** Task instructions **
Apart from the pictures, the listing is to be returned exactly.

** Data segment **

#####

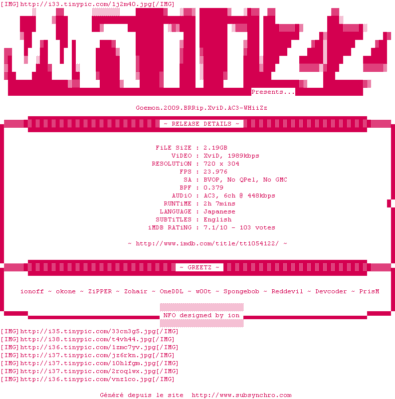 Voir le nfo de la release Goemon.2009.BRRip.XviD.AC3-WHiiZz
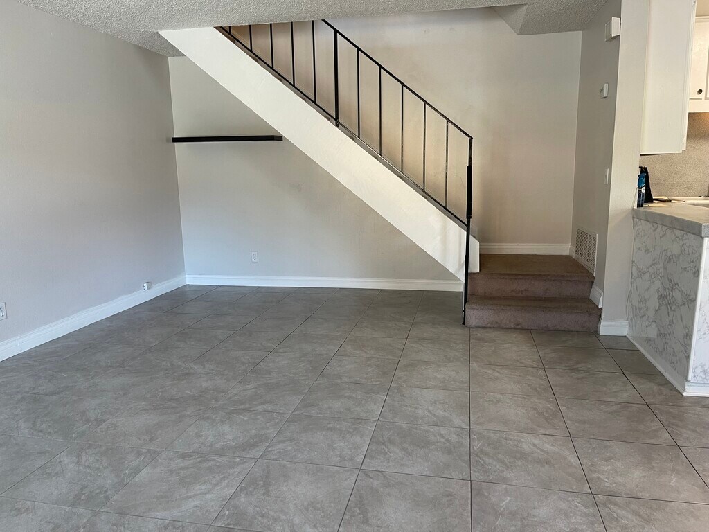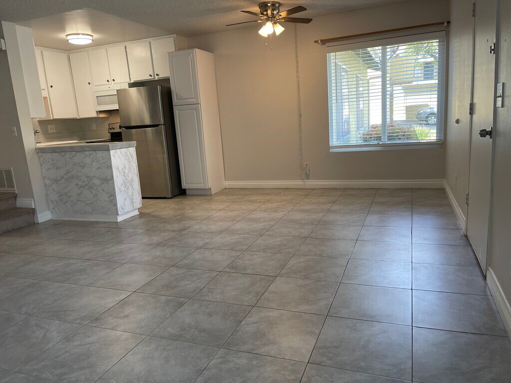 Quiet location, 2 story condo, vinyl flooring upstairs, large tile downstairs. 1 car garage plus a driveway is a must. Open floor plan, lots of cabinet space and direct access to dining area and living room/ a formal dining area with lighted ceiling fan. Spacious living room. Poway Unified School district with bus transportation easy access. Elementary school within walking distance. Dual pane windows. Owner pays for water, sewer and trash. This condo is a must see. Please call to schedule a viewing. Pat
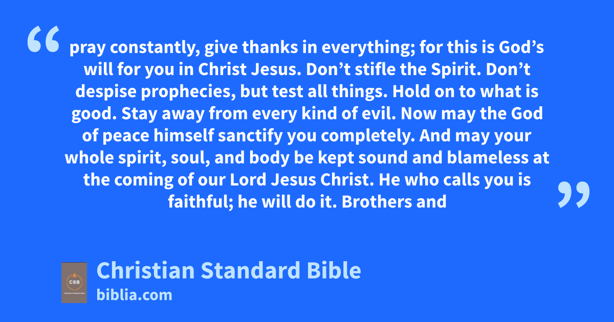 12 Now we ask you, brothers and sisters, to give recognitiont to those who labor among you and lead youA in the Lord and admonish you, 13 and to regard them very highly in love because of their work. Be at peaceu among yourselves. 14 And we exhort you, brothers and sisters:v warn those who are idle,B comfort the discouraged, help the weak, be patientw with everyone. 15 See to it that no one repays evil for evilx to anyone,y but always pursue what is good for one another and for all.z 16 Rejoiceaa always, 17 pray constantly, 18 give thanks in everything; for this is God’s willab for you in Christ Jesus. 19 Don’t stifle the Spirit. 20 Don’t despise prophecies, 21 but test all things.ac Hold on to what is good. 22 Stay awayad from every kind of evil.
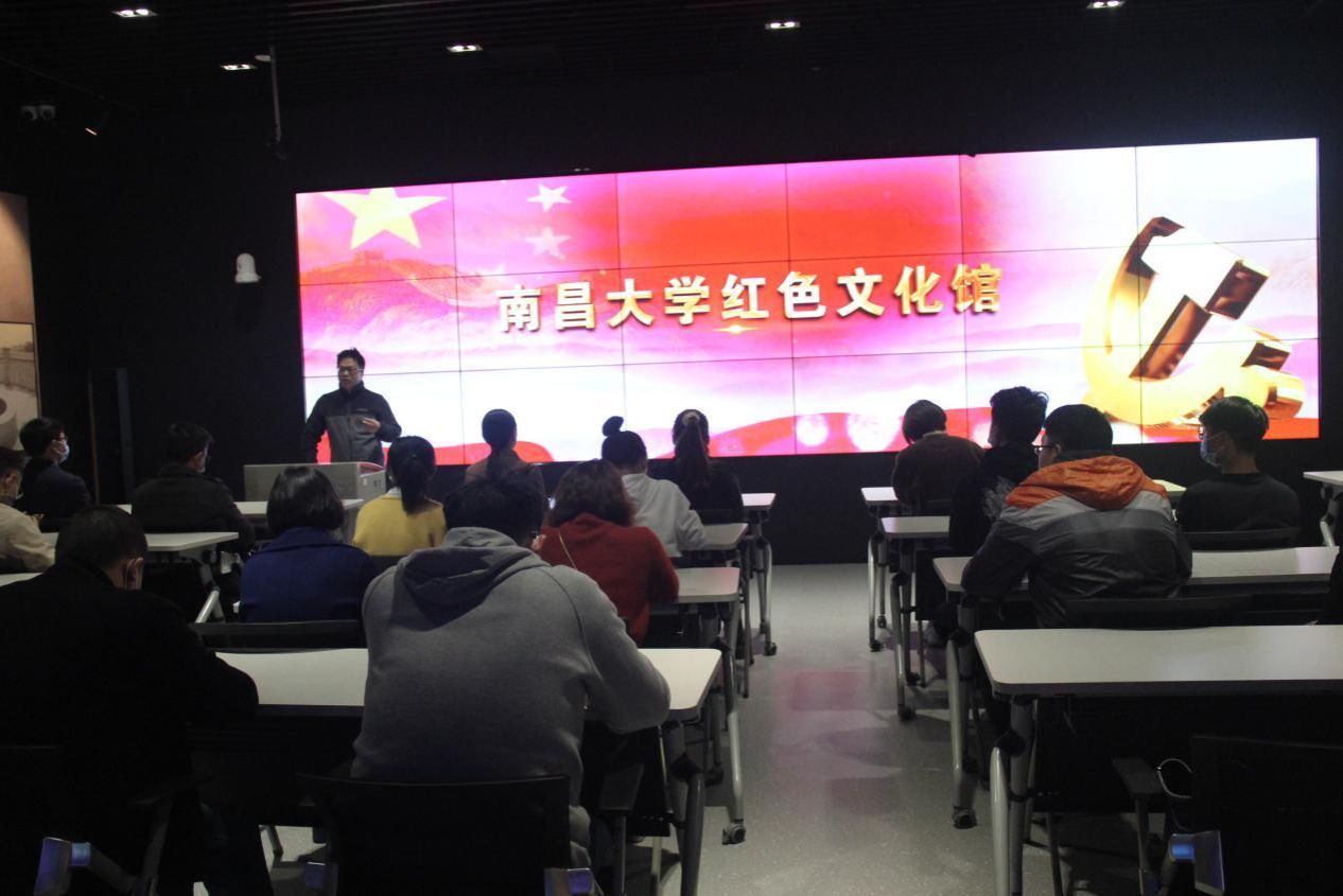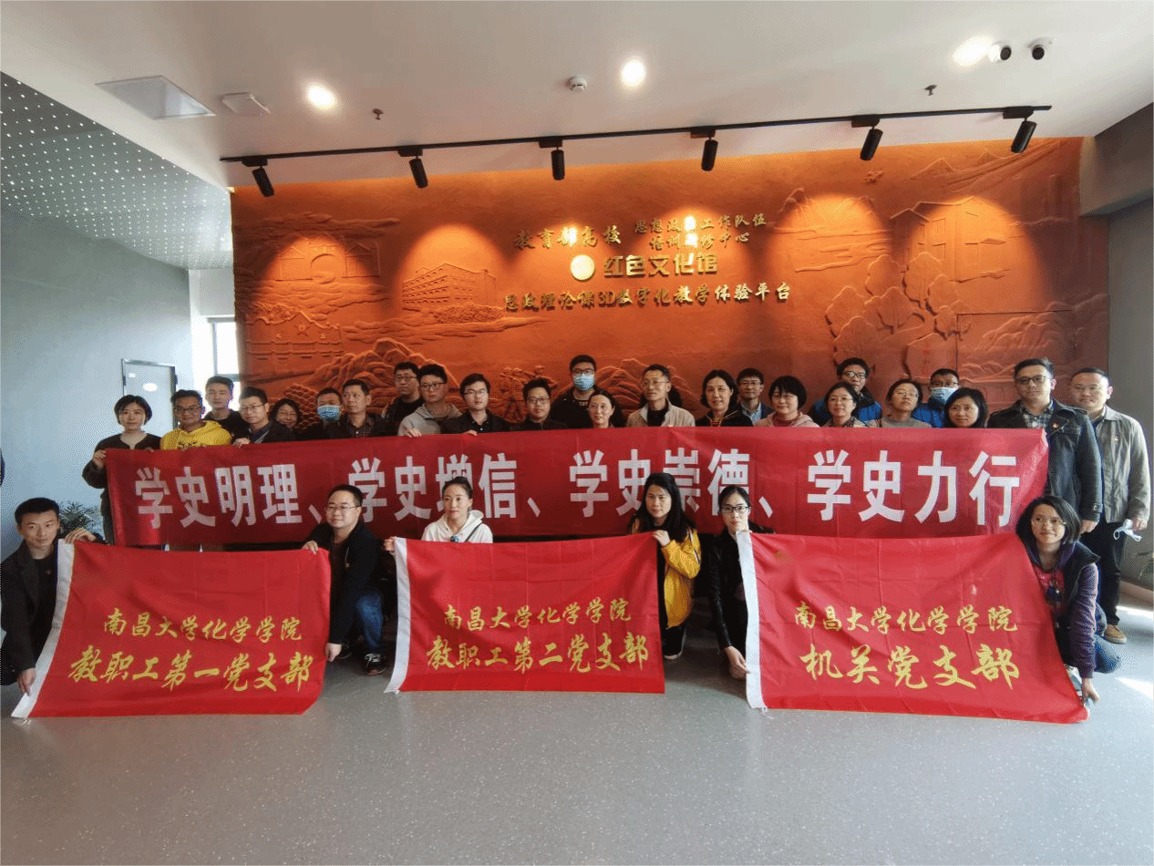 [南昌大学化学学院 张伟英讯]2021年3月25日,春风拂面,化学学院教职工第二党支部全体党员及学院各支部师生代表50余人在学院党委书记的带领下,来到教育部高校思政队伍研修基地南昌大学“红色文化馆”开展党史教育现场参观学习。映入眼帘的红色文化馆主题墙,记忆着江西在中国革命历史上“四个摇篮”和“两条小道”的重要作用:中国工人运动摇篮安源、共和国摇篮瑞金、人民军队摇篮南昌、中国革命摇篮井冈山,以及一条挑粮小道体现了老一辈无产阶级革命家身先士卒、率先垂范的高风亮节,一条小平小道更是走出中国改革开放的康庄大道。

#####

** Exercise answer **
 Voir le nfo de la release Goemon.2009.BRRip.XviD.AC3-WHiiZz
 Quiet location, 2 story condo, vinyl flooring upstairs, large tile downstairs. 1 car garage plus a driveway is a must. Open floor plan, lots of cabinet space and direct access to dining area and living room/ a formal dining area with lighted ceiling fan. Spacious living room. Poway Unified School district with bus transportation easy access. Elementary school within walking distance. Dual pane windows. Owner pays for water, sewer and trash. This condo is a must see. Please call to schedule a viewing. Pat
 12 Now we ask you, brothers and sisters, to give recognitiont to those who labor among you and lead youA in the Lord and admonish you, 13 and to regard them very highly in love because of their work. Be at peaceu among yourselves. 14 And we exhort you, brothers and sisters:v warn those who are idle,B comfort the discouraged, help the weak, be patientw with everyone. 15 See to it that no one repays evil for evilx to anyone,y but always pursue what is good for one another and for all.z 16 Rejoiceaa always, 17 pray constantly, 18 give thanks in everything; for this is God’s willab for you in Christ Jesus. 19 Don’t stifle the Spirit. 20 Don’t despise prophecies, 21 but test all things.ac Hold on to what is good. 22 Stay awayad from every kind of evil.
 [南昌大学化学学院 张伟英讯]2021年3月25日,春风拂面,化学学院教职工第二党支部全体党员及学院各支部师生代表50余人在学院党委书记的带领下,来到教育部高校思政队伍研修基地南昌大学“红色文化馆”开展党史教育现场参观学习。映入眼帘的红色文化馆主题墙,记忆着江西在中国革命历史上“四个摇篮”和“两条小道”的重要作用:中国工人运动摇篮安源、共和国摇篮瑞金、人民军队摇篮南昌、中国革命摇篮井冈山,以及一条挑粮小道体现了老一辈无产阶级革命家身先士卒、率先垂范的高风亮节,一条小平小道更是走出中国改革开放的康庄大道。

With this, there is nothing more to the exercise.